Showing posts with label press. Show all posts
Showing posts with label press. Show all posts

Wednesday, August 25, 2021

"Quake Renaissance" for Rock Paper Shotgun

For Rock Paper Shotgun, I recently wrote a three-part series "Quake Renaissance".

Part 1 is an industry history of Quake's cursed development at id Software, Part 2 is a primer to 25 years of Quake community modding, and lastly Part 3 is a how-to guide for getting into Quake and enjoying its mods.

This series had some goals:

Thursday, March 12, 2020

Living in interesting times

Hello all. It's 2020. The world feels... different. Hopefully you're all doing OK!

A recap of what I've been up to --

In these days of social distancing, remote classes, and quarantines, I taught my class about streaming on Twitch... by streaming the class on Twitch. Some writeups:




I'm also getting into Quake 1 mapping. The modern tools are great, the video tutorials are on point, and the community is lovely. Come join us. I recommend Andrew Yoder's comprehensive guide for getting started.


Until next time...
-- R

Wednesday, July 3, 2019

Interview(s) with Mashable for Pride Month

Last month I ranted to Jess Joho (for Mashable) about sex games and the industry, and I also did a nice and awkward video interview (also for Mashable) filmed in the lovely Wonderville indie arcade bar in Brooklyn.

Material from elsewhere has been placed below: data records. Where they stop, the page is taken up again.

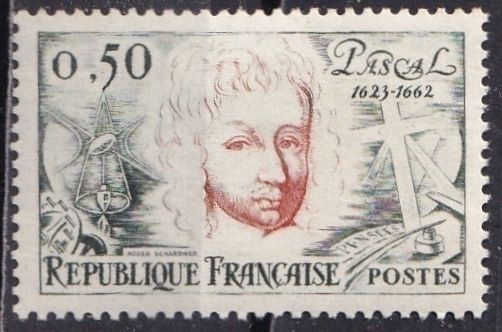 France 1038 (mnh, light gum toning) 50c Blaise Pascal, sl grn & dp org (1962)
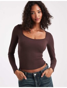 Gina Tricot Soft Touch long sleeve top with scoop neck and split cuffs in mushroom brown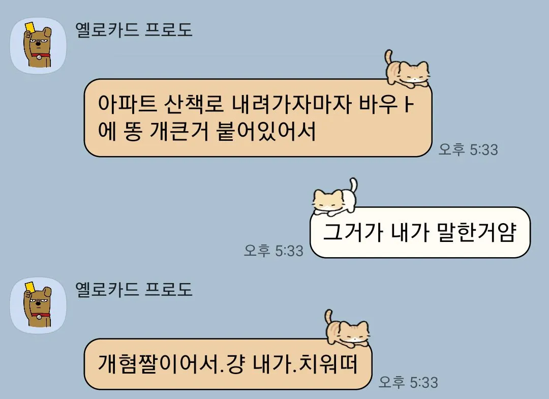 더 황당한 일도 있었다. 개똥을 주우려고 준비작업(비닐봉지를 손에 끼워놓았다)을 마쳤는데, 어떤 할아버지가 개똥이 어쩌고 저쩌고 하는 것이다. 보통 개똥을 안 치우느냐며 생사람을 잡는 것이라 "치우는데요"라고 쏘아붙였다. 그런데 이 할아버지의 용건은 그게 아니었다.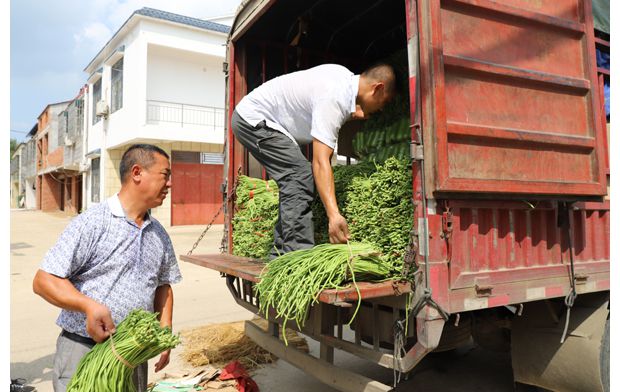 随州新闻网讯 曾都区万店镇黄家畈村依托资源优势,着力发展蔬菜种植项目,一年四季接茬轮番种植,帮助村民脱贫致富。图为连日来村民忙着装运秋豇豆销往外地。(本报记者 唐天才 特约记者 张立摄)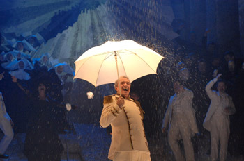 Il est le pion docile de l’étrange échiquier mis en place par le metteur en scène italien Stefano Poda qui retourne l’œuvre comme un gant, transformant la farce en conte de fées mystique. En noir et blanc dans un décor en perspectives couleur sable avec en toile de fond une sorte de soleil éclaté d’où les personnages surgissent ou derrière lequel ils se camouflent en position d’espions ou de voyeurs. Des figurants danseurs, acrobates, déploient des banderoles explicatives à la façon du théâtre de Brecht. Les costumes semblent empruntés au music hall, en blanc et noir, froufrous et chapeaux pointus. Les trois commères arborent des robes du soir et se coiffent de gigantesques chapeaux en choux de Bruxelles dilatés, d’abord en blanc puis en noir au dernier acte. Déluges de projections vidéos, lumières sophistiquées souvent de toute beauté, les détournements poétiques de Poda agissent pourtant à contre sens. Le chêne du rendez-vous nocturne devient une croix, on est en plein délire christique. C’est joli, bien fait mais ce n’est pas Falstaff.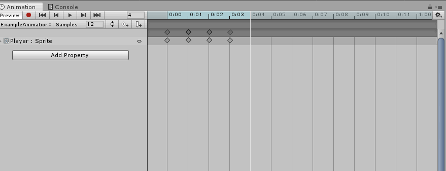 The timeline is the right-hand part of the Animation window. This is like a timeline in Adobe Animate or Premier – it shows how the animation will change as time goes on.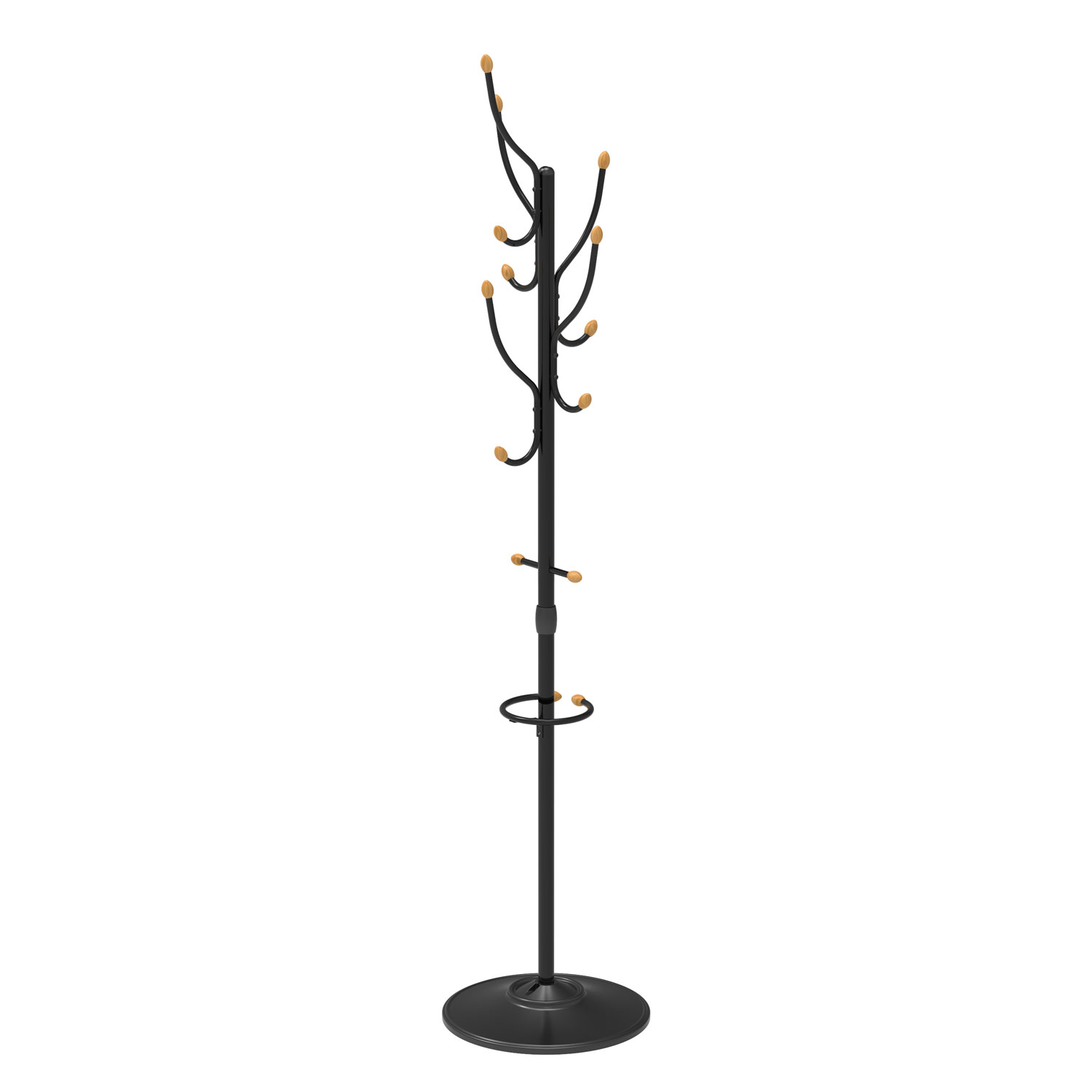 яяяВешалка напольная "Стойка" с кругл.осн., 5кр. с дерев.након.,выс.1,95м Черный ВКО1/Ч ("Ника") *1

If you want to see me squirm, then maybe check out the video -- but whatever you do, definitely check out Wonderville if you're ever in New York City. It has one of those rare and coveted Killer Queen cabinets set to freeplay, it has an amazing Soviet flight sim cabinet where you destroy America (with real vector display), and it's also currently the home of the first queer community arcade cabinet The DreamboxXx for which I contributed my queer brawler defense game Dream Hard.

Happy pride, and have a good summer everyone!

Monday, September 10, 2018

"Videogames: Design/Play/Disrupt" @ Victoria and Albert Museum


I got to attend the private premiere of the new "Videogames" exhibition at the Victoria and Albert Museum in London. The show features a special HD remastered version of my game Rinse and Repeat, configured to run once per hour instead of once a day. At about halfway through, I'm also in a video panel of talking heads, giving a pithy quote on video game violence. Oh, and Nina Freeman and I interviewed each other for the exhibition book. I also spoke to several British newspapers for the exhibition, like The Guardian and The I.

In the past, most mega-museums have gone with nostalgic industry-approved perspectives (The Smithsonian) or they curated games as part of a generalized technology exhibition, and in doing so, barely say anything about games (Museum of Modern Art, New York). The V&A, in contrast, is the first huge museum to balance an industry production perspective with a specific political and cultural approach. The curators Marie Foulston and Kristian Volsing rejected the boring historical survey methods of other museums (fuck off, Spacewar and Pac-Man) and even their commercial AAA choices feel slightly eclectic and unusual.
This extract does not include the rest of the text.